Here's the video of Jon Stewart's appearance on Crossfire. The program was broadcast live. Quite live. If you can't see the video, here are a couple of good rundowns in Salon and the Washington Post.
If Tucker Carlson is right that Stewart doesn't ask hard enough questions on his show, then I think it's fair to say that Crossfire just isn't funny enough to be worth a bucket of warm spit.
Then again, how the hell would I know? I guess I'm just going by their web site, where the hosts aren't mugging quite enough for the camera, which accidentally makes their show look like a mid-season replacement for The Profiler. Not funny. Not funny, like that. Granted, using the word "debate" three times in their 77-word description of the show is pretty funny, so maybe Crossfire is worth a bucket of warm spit after all.
Turn off the cable news channels. Please. My God, they make my blood boil.
(Via Long Pauses)
Also...
The challenge that most of these political debate-style shows face is to be entertaining but appear logical. To make that happen, they've wholeheartedly embraced the logical fallacy known as the false dilemma. With this handy tool someone can say, "We're fair because we present both sides of every issue," as if every issue has exactly two sides when actually few do.

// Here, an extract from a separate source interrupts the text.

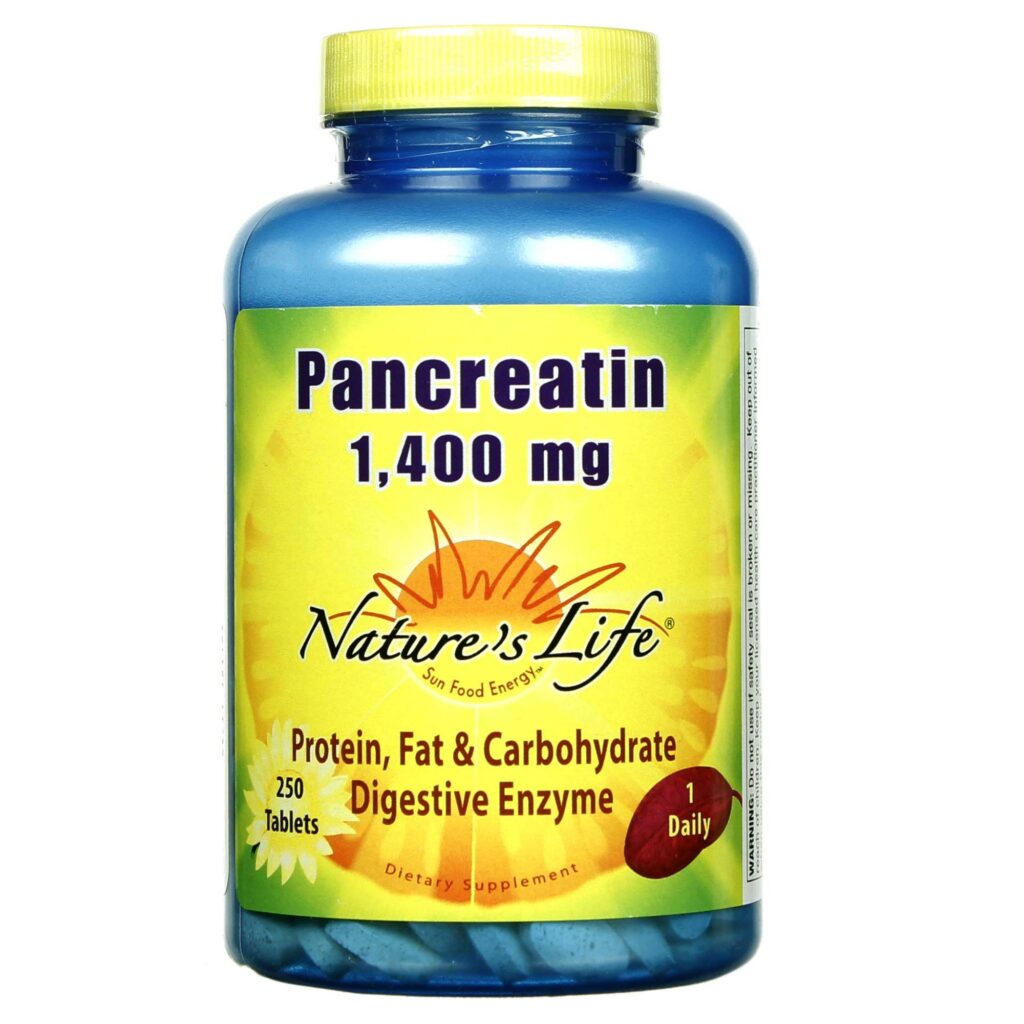 Cada tablete de Nature’s Life Pancreatina contém 1.400 mg de Pancreatina.

Once you've reduced an issue to a dilemma, it's fairly easy to paint your opponents into corners or catch them in inconsistencies. Look how Paul Begala attempted to reduce Jon Stewart's complaints about Crossfire not being a real debate show. Whipping his trusty false dilemma out of its holster — heck, why wear a holster? Just keep that thing drawn! — Begala attempted to rephrase Stewart's complaint as "you're not tough enough." Then later he could easily spot an example where — ah HA — Stewart thinks the opposite. Or Begala's partner— err, opponent, Tucker Carlson, could whip out an example of Stewart himself not being tough enough, that wily hypocrite.

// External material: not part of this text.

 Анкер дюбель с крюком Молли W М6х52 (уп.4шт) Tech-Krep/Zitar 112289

In the show's final minute, Begala and Carlson broke ranks to team up against Stewart, whose final retort was a look that just said, "idiots." While Begala and Carlson would love to stay on their respective left and right sides, nobody but nobody can pry their favorite fallacy from their cold, shameless hands. On that, I'm sure these sworn opponents agree.
Rob--it makes my blood boil too.
This might sound surreal, but about a year ago, I cancelled my cable/satellite service and threw out my rabbit ears in disgust. And so, I literally had watched no TV for a year until I saw the Crossfire clip on the web.
I felt this strong deja vu of disgust, all over again!
When I called my satellite provider to cancel my service a year ago, there was a long pause of inredulity and then in a sanctimonious, censuring, irony-free voice he said, "You don't want to watch any TV?...But that's.....UN-AMERICAN!!!"
I've thought about doing that, too. I don't watch much TV, but I recently got a TiVo and it allowed me to sample some of these "news" shows I had heard about but not actually dialed up. My God.
I know a number of people who've killed their televisions (except for movies). One of these days....
(Funny, I just posted about your site as you were posting here.)
By the way, I've noticed that the Crossfire home page no longer has the 77-word description of the program that I mentioned. I'd like to take credit for having that impact (ahem), but I assume they just needed to make space for the "campaign countdown."
But here's the old version of the page, from the Wayback Machine. "Debating the issues that impact life."
actually i like jon.
it's those other two crossfire cretins that i found insufferable!
I know this can be found anywhere online, but since for the time being you're right here, I'll point you to Jon's followup on his show last night.
I haven't owned a TV in about 15 years. I've honestly never missed it.
"The challenge that most of these political debate-style shows face is to be entertaining but appear logical. To make that happen, they've wholeheartedly embraced the logical fallacy known as the false dilemma. With this handy tool someone can say, "We're fair because we present both sides of every issue," as if every issue has exactly two sides when actually few do."
This is so true, Rob, and well-stated. In fact, it's my current number one criticism of corporate media (and even NPR) that with any story, regardless of its objectivity or tuth component, a "dissenting voice" will be provided, even if it's not until the end. It's maddening. Like you write, as if there's only two sides, anyway. But more than that, it fundamentally perpetuates middle class passivity and regards the world as a conglomeration of opinions rather than facts and lies. A news story about the earth being round today would inevitably prove its "objectivity" by stating that there are, in fact, flat-earth people who disagree with the notion.
I am so out-of-touch with cable shows that I've only very recently began watching Stewart's program online. If I did have cable, I think I could become addicted to The Daily Show.